We like to know what makes us us and what make them them. Where do we draw the line? What distinctions can we make so that the boundaries are clear? How can we nuance ourselves out of relationship with people we don’t necessarily like?

We are right.
They are not us.
Therefore, they are not right.

John had this same mentality. After all this time of following Jesus, look at what he proudly says to Jesus:

“Teacher,” said John, “we saw a man driving out demons in your name and we told him to stop, because he was not one of us.” 

The great irony is that just a few verses earlier, Jesus’ own disciples were unable to drive out one demon. And now we’re told that there is someone not of the Twelve who is casting out multiple demons in Jesus’ name. And the disciples tell him to stop!

Why? Because he was defaming Jesus? Because he was wanting attention for himself? Because he was leading other people astray? No. Because he was not “one of us.”

We’re familiar and comfortable with the saying “Whoever is not for us is against us.” If someone doesn’t say the same things, believe the same things, dress the same way, support the same causes, sing the same songs in the same style…then they must of course be against everything we believe. If they are not for us, if they in fact are not us, then they must be against us.

But what does Jesus say?

Do not stop himNo one who does a miracle in my name can in the next moment say anything bad about me, for whoever is not against us is for us. I tell you the truth, anyone who gives you a cup of water in my name because you belong to Christ will certainly not lose his reward.”

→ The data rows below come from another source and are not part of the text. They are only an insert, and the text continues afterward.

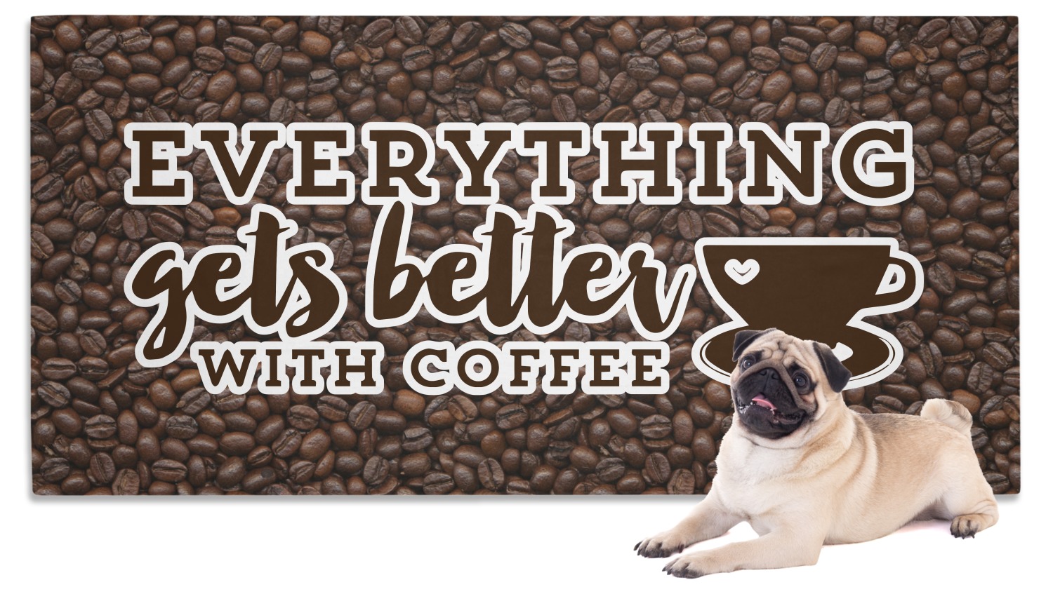 This design has a fun realistic picture of coffee beans for the background. On top of that is a fun quote saying that "everything gets better with coffee." The coordinating design has the words "coffee addict." There are also plenty of other coffee quotes to choose from in our design center.
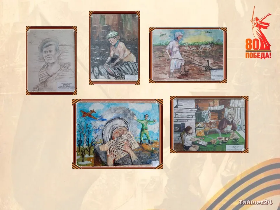 На выставке были представлены творческие работы детей всех возрастных групп из Тайшета и Бирюсинска, Нижней Заимки и Старого Акульшета. Более 20 работ воспитанников специальной школы-интерната №19 Тайшета. Огромный интерес вызвали картины «Труд в тылу», «Всё для Родины! Всё для фронта», «Сын полка», «Последний бой», «Комиссары не сдаются», «Маленькие герои большой войны», «Мы помним! Мы гордимся!» и другие.
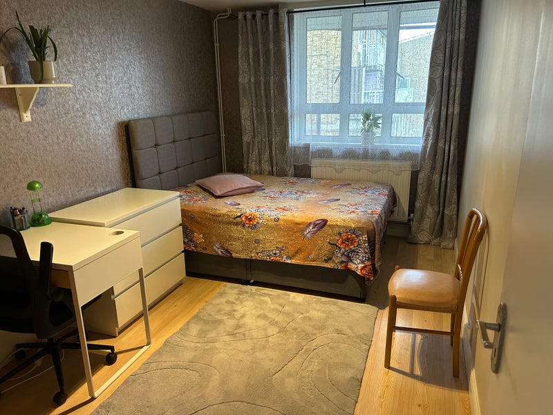 A double room is available in a cosy two bedroom maisonette flat located on a top floor.
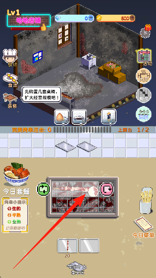 1、进入烧烤店,熟悉烹饪工具和钓鱼基础操作,制作第一份烧烤、尝试首次钓鱼,开启经营与钓鱼的双重之旅。
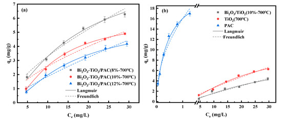 Adsorption isotherm of sulfamerazine (SMZ) adsorption on Bi2O3–TiO2/PAC with different molar ratios (a), Bi2O3–TiO2(10%–700 °C), TiO2(700 °C) and PAC (b).
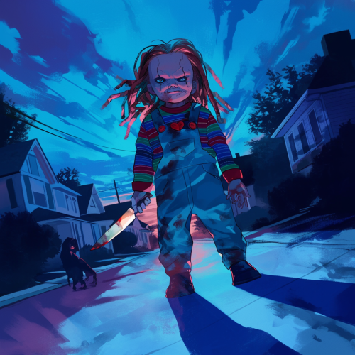 horror film on terror street, expansive view of a scary looking street, black man style chucky doll with long dreads and holding a knife at the end of the street, horror themed street lighting , long shadow on the street coming from the shadow figure, carnage , cd cover style art , nightmare on elm street art design , horror style blue colors --niji 6
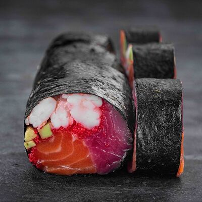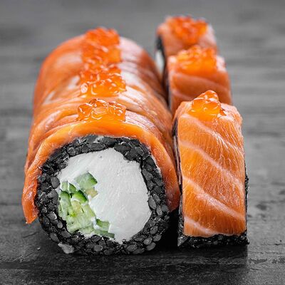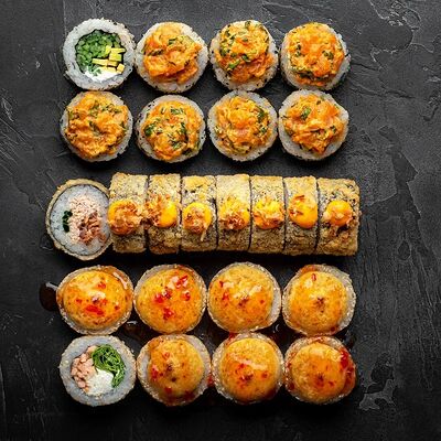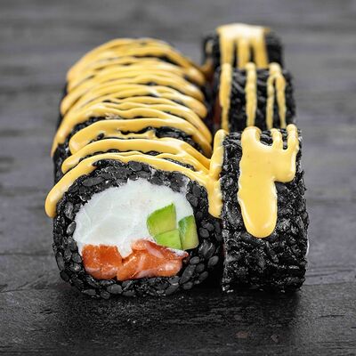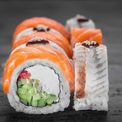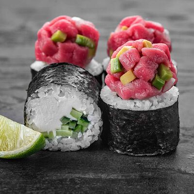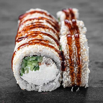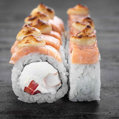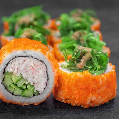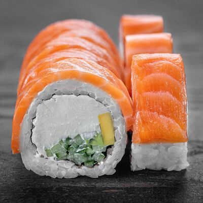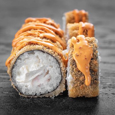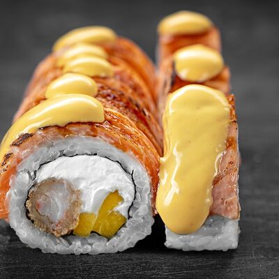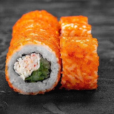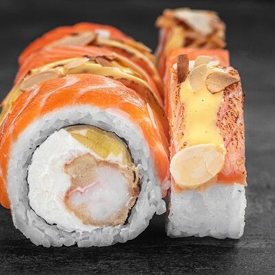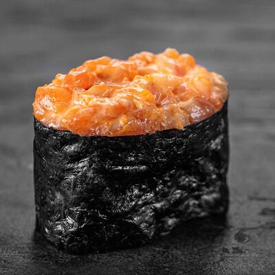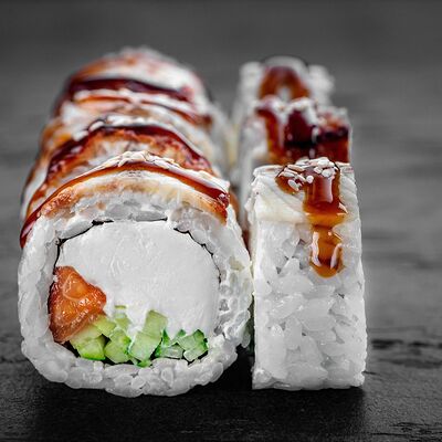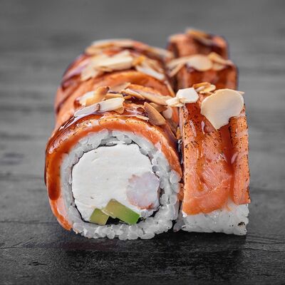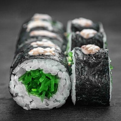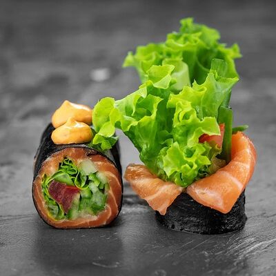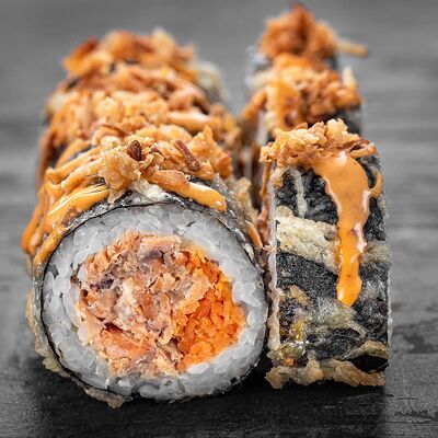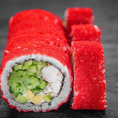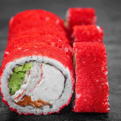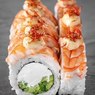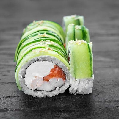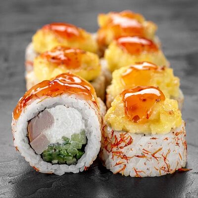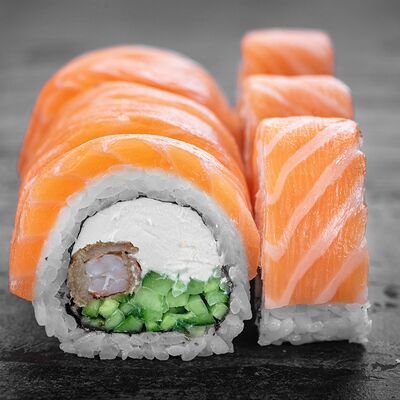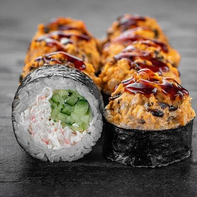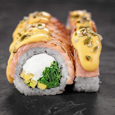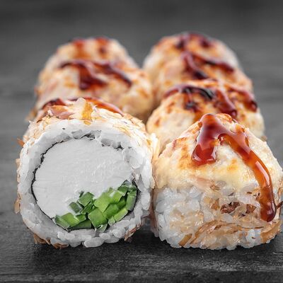 Нежный лосось в японском соусе спайси, хрустящий огурчик, авокадо и соус шрирача

Did you catch that? Whoever is not against us is for us. Jesus completely reverses the old adage that we love and cherish. He takes all our categories and labels and throws them out the window. Our way of determining us and them is turned on end.

And here’s the difference: Jesus is saying to start at the points of unity, not the points of division. What common ground do we and they both share? Let’s focus on that.

The disciples did it then, and we do it now. We tend to focus more on that which divides. We like to highlight the things that keep us on one side of the line and them on the other.

Jesus simply erases the line.

Begin on common ground. This man was doing the work of God in the name of Jesus. He was promoting the name and mission of Jesus. Sure, he may not have been one of Jesus’ closest disciples. He may not have had all the right answers. He may not have known as much about the Bible as others. He may have looked different, spoken differently, and worshiped differently. But that did not make him part of “them” rather than “us.”

I believe that the work of God is WAY bigger than we can ever realize. If there’s one thing we know about God is that he shows up and works in people and places we least expect. Who are we to limit God to working solely through “us?”

Whoever is not against us is for us.